(Business in Cameroon) - In a report entitled “Africa’s changing infrastructure landscape”, Deloitte, one the four main audit and consultancy firms in the world, revealed that at the end of 2016, Cameroon, a country presented as the economic engine of Central Africa, housed on its own 54% of the major infrastructure projects listed in the sub-region.
Moreover, in the biggest projects top 10 in terms of financial costs, the report highlights, Cameroon has five projects (Lom Pangar, Memvé’élé and Mentchum dams, the Yaoundé-Douala motorway and the deep water port of Limbe), against three for the Democratic Republic of Congo and two for Gabon. At the continental level, 24 of the largest infrastructure projects under development are located in Central Africa (Cameroon, Congo, CAR, Chad, Equatorial Guinea, Spa Tomé & Principe and DR Congo). Which represents, we learned, 8.4% of the projects, for an estimated global cost of USD 7 billion (over FCfa 4,000 billion), equivalent to 2.2% of the global infrastructure project envelope in Africa.
This number of projects and volumes of corresponding investments, Deloitte points out, are however “definitely less important” than in 2015 and 2014, due to the drop in international prices for commodities and the suspension of some large scale projects.
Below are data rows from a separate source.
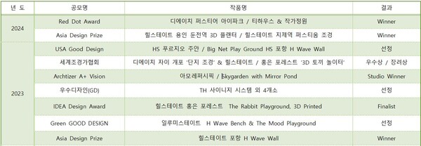 지난 2월 ‘아시아 디자인 프라이즈 2024’에서 힐스테이트 용인 둔전역의 ‘H 아이 플랜터(H Eye Planter)’와 힐스테이트 지제역 퍼스티움의 조경경관이 위너로 선정됐다. 이로써 아시아 디자인 프라이즈에서 3년 연속 수상했다. 특히 3D 프린팅 기술을 적용한 ‘H 아이 플랜터’가 수상하며 3D 프린팅 조경작품으로는 4년 연속 수상이라는 기록도 세웠다.
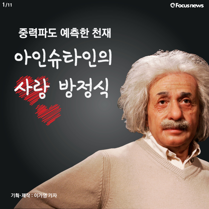 (서울=포커스뉴스) 지금으로부터 꼭 100년 전 1916년. 아인슈타인은 일반상대성이론을 통해 ‘중력파’를 예측했고, 2016년 2월 11일 과학자들은 이를 직접 확인했습니다. 이런 천재 아인슈타인이 수학으로 풀어낸 사랑방정식이 있다는 것, 아시나요? 나이가 들어도 어렵기만 한 사랑을 천재는 어떻게 정리했는지 카드뉴스로 확인해보시죠.
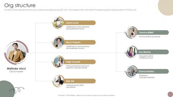 This slide covers the organization hierarchy chart. It includes various positions such as CEO, COO, Chief compliance officer, chief of staff, VP of engineering, director of people operations, VP of finance, etc. Are you in need of a template that can accommodate all of your creative concepts This one is crafted professionally and can be altered to fit any style. Use it with Google Slides or PowerPoint. Include striking photographs, symbols, depictions, and other visuals. Fill, move around, or remove text boxes as desired. Test out color palettes and font mixtures. Edit and save your work, or work with colleagues. Download Org Structure Women Wellness Coaching Platform Pitch Deck and observe how to make your presentation outstanding. Give an impeccable presentation to your group and make your presentation unforgettable. This slide covers the organization hierarchy chart. It includes various positions such as CEO, COO, Chief compliance officer, chief of staff, VP of engineering, director of people operations, VP of finance, etc.
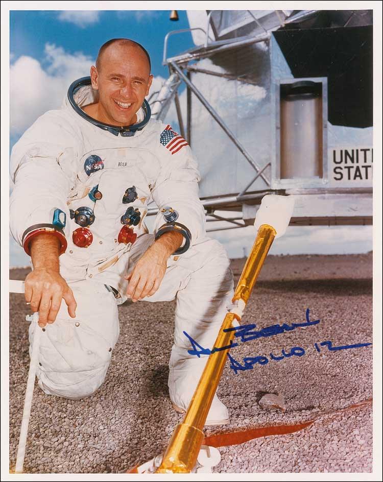 Alan Bean - color 8 x 10 satin-finish photo of Bean kneeling in front of his lunar lander, signed in blue felt tip, “Alan Bean, Apollo 12.”
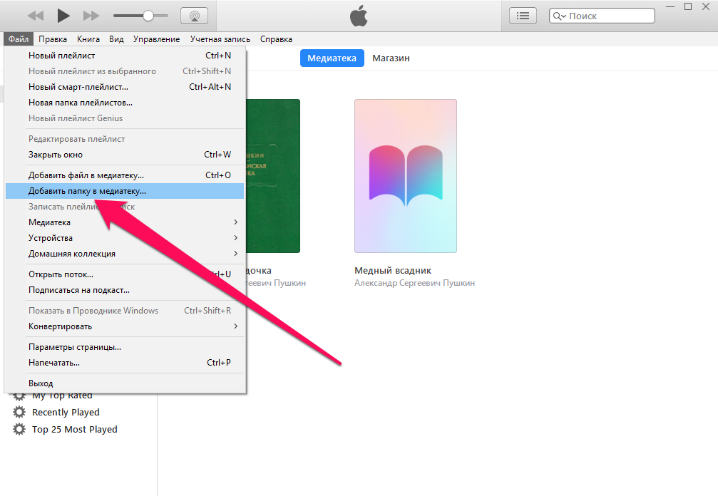 Шаг 2. Перейдите на вкладку «Медиатека» и перенесите в окно iTunes книги или документы в форматах EPUB или PDF. Если вдруг по каким-то причинам перенос не удается, добавьте книги вручную, используя меню «Файл» → «Добавить файл в медиатеку» (или «Добавить папку в медиатеку», если вы хотите загрузить сразу несколько книг, которые собраны в одной директории).
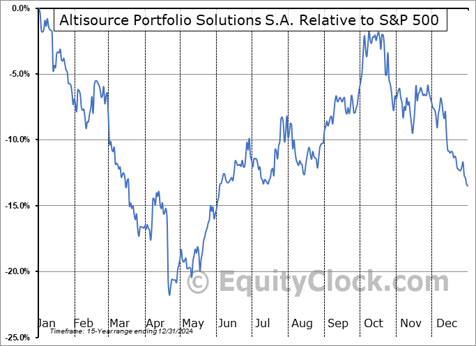 Analysis of the Altisource Portfolio Solutions S.A. (NASD:ASPS) seasonal charts above shows that a Buy Date of April 23 and a Sell Date of July 26 has resulted in a geometric average return of 16.8% above the benchmark rate of the S&P 500 Total Return Index over the past 15 years. This seasonal timeframe has shown positive results compared to the benchmark in 12 of those periods. This is a very good rate of success and the return strongly outperforms the relative buy-and-hold performance of the stock over the past 15 years by an average of 46.85% per year.
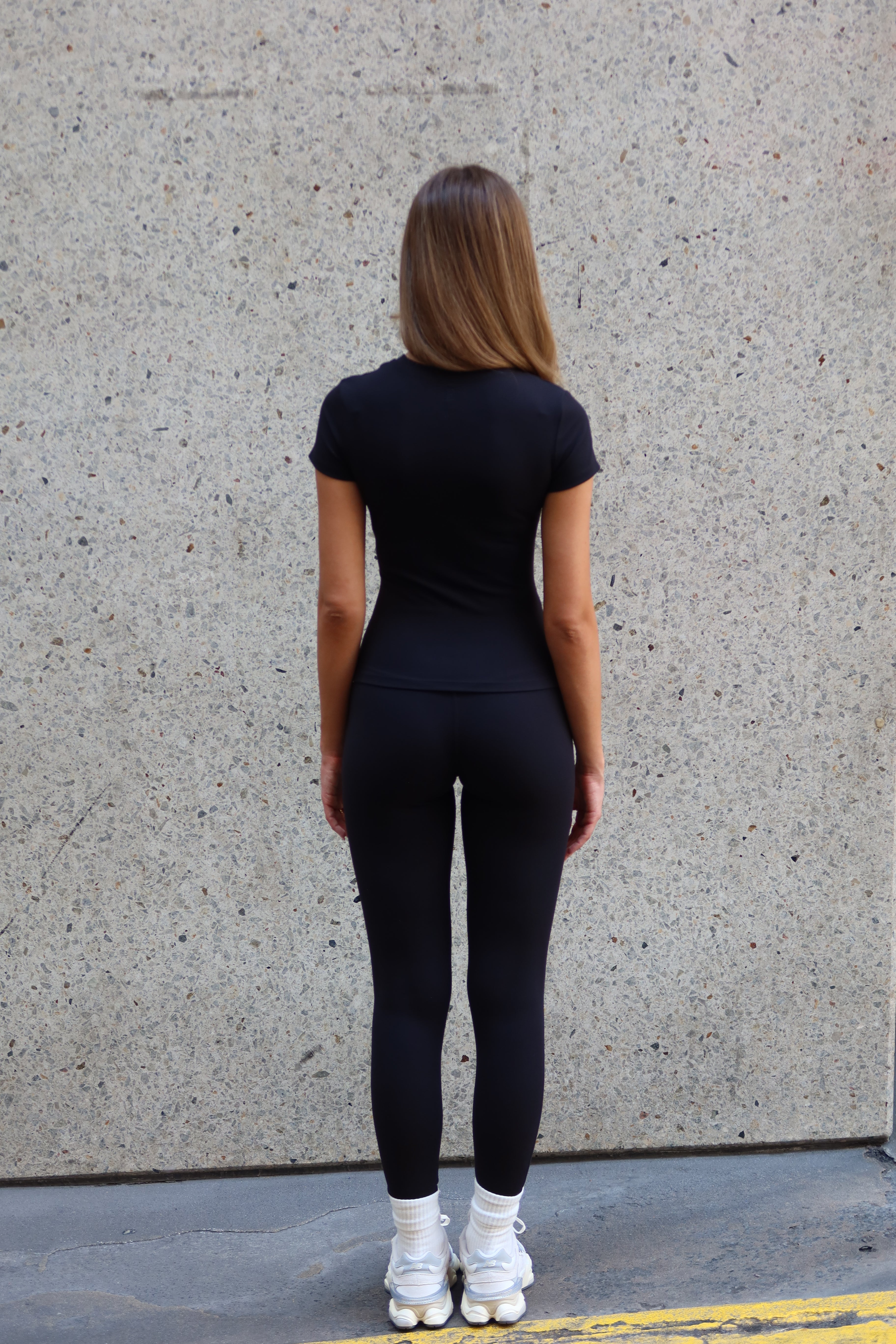 The perfect tee, elevated. The Elloré Sport Basic T-Shirt is a refined, body-hugging essential designed to bring softness, structure and ease into your everyday uniform. Crafted from our Soft-Touch Performance fabric, it offers a smooth, sculpting feel that moves with you - breathable enough for Pilates, polished enough for the airport and effortless for everything in between.
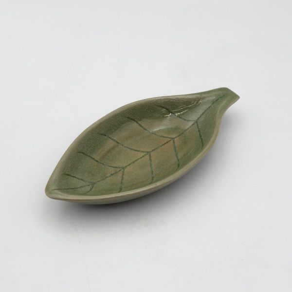 英国 ヴィンテージ タイセラドン 緑色 陶器 プレート 葉っぱ型 リーフ 皿 食器 雑貨 小物入れ アクセサリー IZ82984T

Among he two projects listed by the audit and consultancy firm, is the project for the mining of the Mbalam iron deposit, located astride Congo and Cameroon.
Indeed, at the end of 2015, while the Cameroonian government was getting ready to sign with the company China Ghezouba a contract for the construction of infrastructure (500 km railroad and ore terminal at the deep water port of Kribi) linked to this mining project, the Chinese side withdrew at the last minute; arguing an international business environment unfavorable for iron ore.